US 12,277,687 B2
	Systems, methods, and apparatuses for the use of transferable visual words for AI models through self-supervised learning in the absence of manual labeling for the processing of medical imaging
Fatemeh Haghighi, Tempe, AZ (US); Mohammad Reza Hosseinzadeh Taher, Tempe, AZ (US); Zongwei Zhou, Tempe, AZ (US); and Jianming Liang, Tempe, AZ (US)
Assigned to Arizona Board of Regents on Behalf of Arizona State University, Scottsdale, AZ (US)
Filed by Arizona Board of Regents on Behalf of Arizona State University, Scottsdale, AZ (US)
Filed on Apr. 30, 2021, as Appl. No. 17/246,032.
Claims priority of provisional application 63/110,265, filed on Nov. 5, 2020.
Claims priority of provisional application 63/018,335, filed on Apr. 30, 2020.
Prior Publication US 2021/0343014 A1, Nov. 4, 2021
Int. Cl. G06T 5/77 (2024.01); G06T 3/04 (2024.01); G06T 7/00 (2017.01); G06V 10/25 (2022.01); G06V 10/764 (2022.01); G06V 10/82 (2022.01)
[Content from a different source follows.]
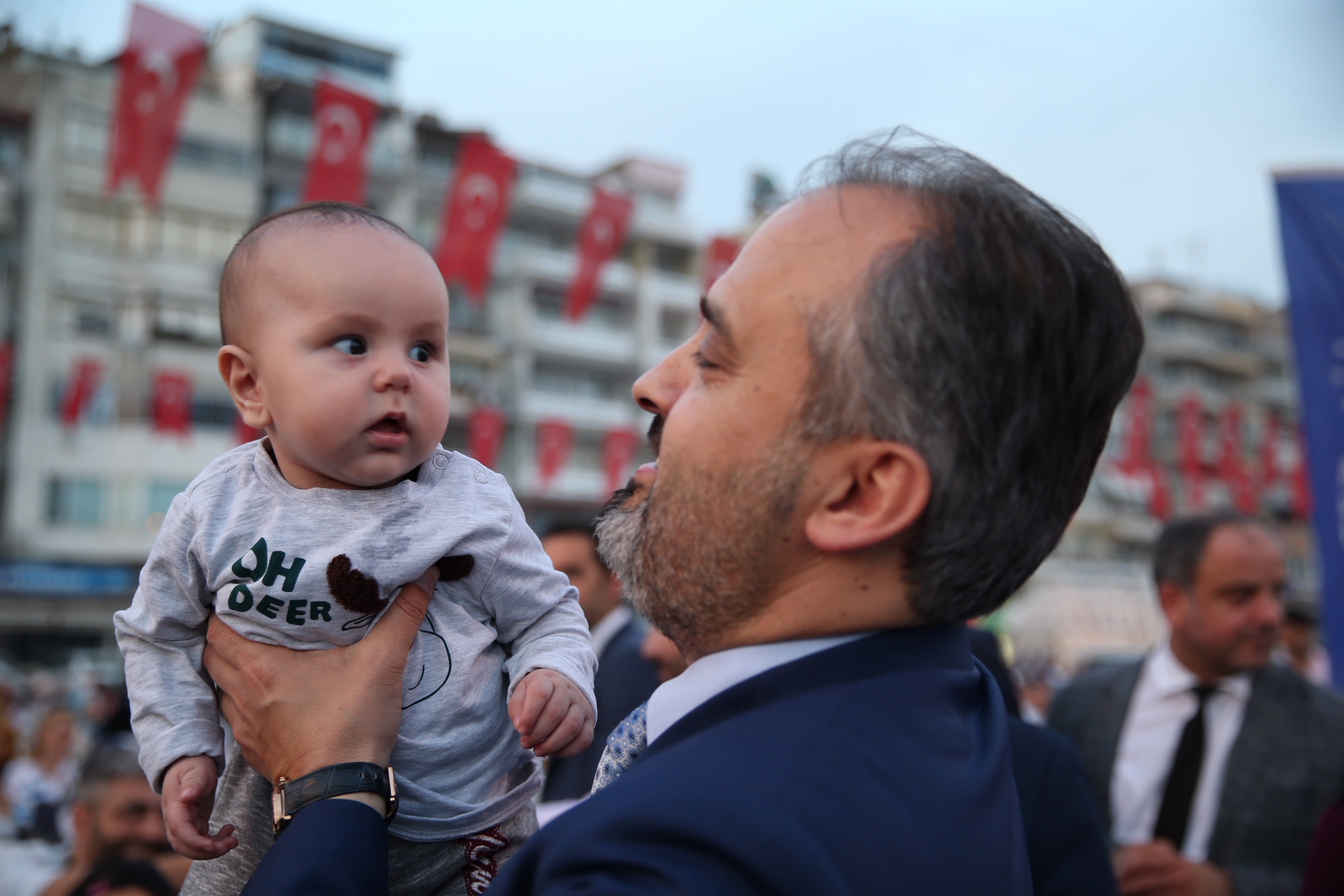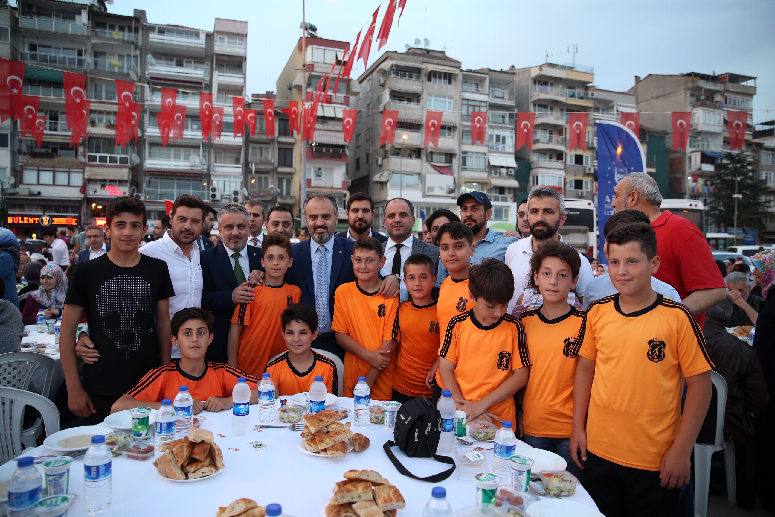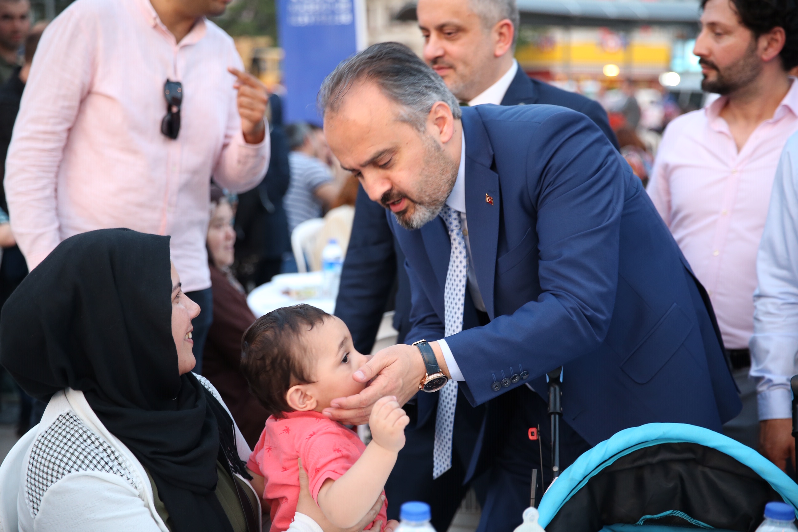 Bursa Büyükşehir Belediyesi, Ramazan ayının manevi iklimini kentin tüm ilçeleriyle buluşturan iftar programını bu kez Gemlik’te gerçekleştirdi. Gemlik 15 Temmuz Demokrasi Meydanı’nda düzenlenen iftara ilçede yaşayan vatandaşlar yoğun katılım sağladı. Gemlik’te sevgi seliyle karşılanan Bursa Büyükşehir Belediye Başkanı Alinur Aktaş da orucunu vatandaşlarla birlikte açtı. Başkan Aktaş, birlik ve beraberlik mesajları verdiği konuşmasında, “Her akşam başka bir ilçedeyiz. Bursa’mızın 17 ilçesine de ulaşmaya çalışıyor, hemşerilerimizle iftar yapıyoruz” dedi.

CPC G06T 5/77 (2024.01) [G06T 3/04 (2024.01); G06T 7/0014 (2013.01); G06V 10/25 (2022.01); G06V 10/764 (2022.01); G06V 10/82 (2022.01); G06T 2207/20081 (2013.01); G06T 2207/20084 (2013.01)]

15 Claims

1. A system comprising:

a memory to store instructions;

a processor to execute the instructions stored in the memory;

a receive interface to receive a plurality of unlabeled medical images obtained from a plurality of human patients;

wherein the system is specially configured to perform self-supervised learning for an artificial intelligence (AI) model having a trained encoder-decoder structure with skip connections in between and a classification head at an output of the encoder portion, and preceding a decoder portion, of the trained encoder-decoder structure, by executing the instructions via the processor for:

performing a self-discovery operation that crops two-dimensional (2D) patches or crops three-dimensional (3D) cubes representing a plurality of unique anatomical patterns each reoccurring at a respective one of a plurality of unique fixed coordinates across the plurality of unlabeled medical images, and assigns one of a plurality of pseudo labels to each of the cropped 2D patches or 3D cubes based on their respective unique fixed coordinates across the plurality of unlabeled medical images;

transforming each of the cropped 2D patches or the cropped 3D cubes to generate transformed 2D anatomical patterns or transformed 3D anatomical patterns (hereinafter “the transformed anatomical patterns”);

performing a self-classification operation on the transformed anatomical patterns to learn semantically enriched visual representations of a human body derived from the plurality of unique anatomical patterns each reoccurring at the respective one of the plurality of unique fixed coordinates across the plurality of unlabeled medical images by formulating a multi-class classification task on the plurality of pseudo labels;

performing a self-restoration operation by recovering anatomical patterns from the transformed anatomical patterns to learn different sets of the semantically enriched visual representations of the human body.